The Objective of Due Diligence: To Protect Your Culture
There has been so much attention paid to due diligence. We have reams and reams of articles highlighting the importance of due diligence. In addition, numerous vendors of due diligence services and technologies fill the marketplace with whitepapers, articles and information underscoring the importance of due diligence and advising on how to conduct effective due diligence.
There is nothing wrong with the attention paid to this important issue. Frankly, over the last ten years, we have seen an explosion in due diligence issues. Given the Justice Department and the SEC’s focus on third-party risks in the FCPA context, such attention is justified. Years ago, companies conducted minimal, if any, due diligence of third parties, and procurement functions related to vendors and suppliers were focused on financial capabilities and quality issues.
The growth in due diligence systems has been marked over the last ten years. More companies are implementing robust due diligence systems for third parties, vendors and suppliers, and many are purchasing automated due diligence systems.
There is no question that the motivation for improving due diligence systems has been a direct response to the government’s aggressive enforcement program.
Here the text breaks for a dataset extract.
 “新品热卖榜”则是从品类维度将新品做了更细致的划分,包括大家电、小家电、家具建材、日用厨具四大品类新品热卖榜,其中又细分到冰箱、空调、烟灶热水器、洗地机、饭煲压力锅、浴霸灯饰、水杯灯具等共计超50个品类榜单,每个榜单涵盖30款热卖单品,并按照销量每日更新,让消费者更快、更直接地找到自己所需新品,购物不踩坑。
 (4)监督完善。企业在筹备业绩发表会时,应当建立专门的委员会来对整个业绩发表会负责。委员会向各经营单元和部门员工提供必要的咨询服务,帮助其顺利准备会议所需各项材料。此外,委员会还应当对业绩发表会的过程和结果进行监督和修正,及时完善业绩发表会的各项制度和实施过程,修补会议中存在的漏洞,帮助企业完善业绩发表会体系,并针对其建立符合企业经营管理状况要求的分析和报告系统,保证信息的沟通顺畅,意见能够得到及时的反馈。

As everyone knows, a high percentage of FCPA enforcement actions involved third parties who engaged in or facilitated bribery schemes.
A robust due diligence program identifies potential risks in engaging a specific third-party. Based on due diligence, a company may decline to engage the third-party or design and implement a number of risk mitigation strategies. In the end, the company’s due diligence system is focused on legal risks from engaging the third-party. A risky third-party in this context may be likely to engage in bribery to further the company’s business operations.
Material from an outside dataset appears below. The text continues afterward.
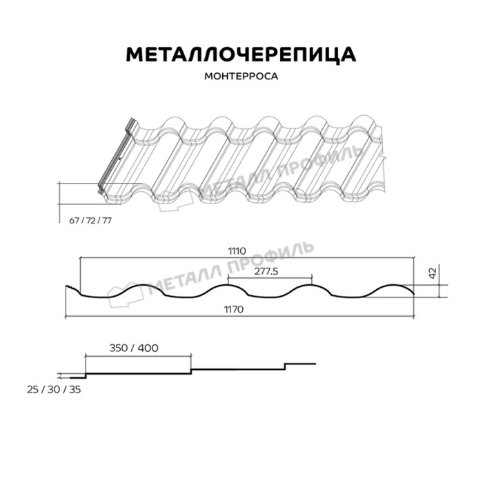 МОНТЕРРОСА — это оригинальный высокий профиль металлочерепицы. Вас порадует большой ассортимент глубины профиля, вы можете выбрать приглянувшийся из предложенных вариантов. С металлочерепицей МОНТЕРРОСА кровля будет похожа на классическую (глиняную). Этот профиль обеспечит необычный внешний вид крыше вашего дома. Мы предлагаем разные варианты высоты (25, 30 и 35 мм) и длины (350 и 400 мм) ступеней; полагаем, вы найдёте оптимальное сочетание. Подарите вашей крыше эстетику элегантных объёмных линий классического профиля!

In the event that the company faces an FCPA investigation, the company will often rely on robust due diligence and mitigation strategies to counter any claim that it “knowingly” engaged the third-party with the intent to promote a bribery scheme. Company lawyers will cite the due diligence, monitoring and auditing activities to show that its actions were contrary to an inference of a “knowing” violation.
While this scenario is an important reason for implementing a robust due diligence program, there is more to this issue. Legal risks are one type of serious risk. Another category of risks relates to reputational risks. A company does not want to “do business with” or “associate” with another person, entity or company that itself has a poor reputation or engages in other types of misconduct.
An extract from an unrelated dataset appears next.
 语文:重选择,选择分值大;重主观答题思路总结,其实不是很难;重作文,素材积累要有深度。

A company creates significant risks when it retains another company that relies on child labor, engages in slavery, violates environmental laws, or engages in illegal anti-competitive. In other words, a company has to avoid engaging other companies that raise reputational risks.
A company’s reputation for ethical business practices can suffer real and substantial harm when it engages with companies that flagrantly skirt the law or social norms. Such business operations threaten a company’s significant asset – its intangible goodwill.
A company’s reputation should be promoted as an important aspect of a company’s culture. Employees want to believe in the mission of the company, and adherence to ethical business practices is essential to protecting the company’s integrity.
An important means to protect the company’s reputation is to ensure that the entities with which the company interacts has a comparable commitment to ethics and integrity. This is where due diligence comes in and provides an important check on company operations. Due diligence has a broader purpose that just managing legal risks – companies conduct due diligence to protect and promote their culture.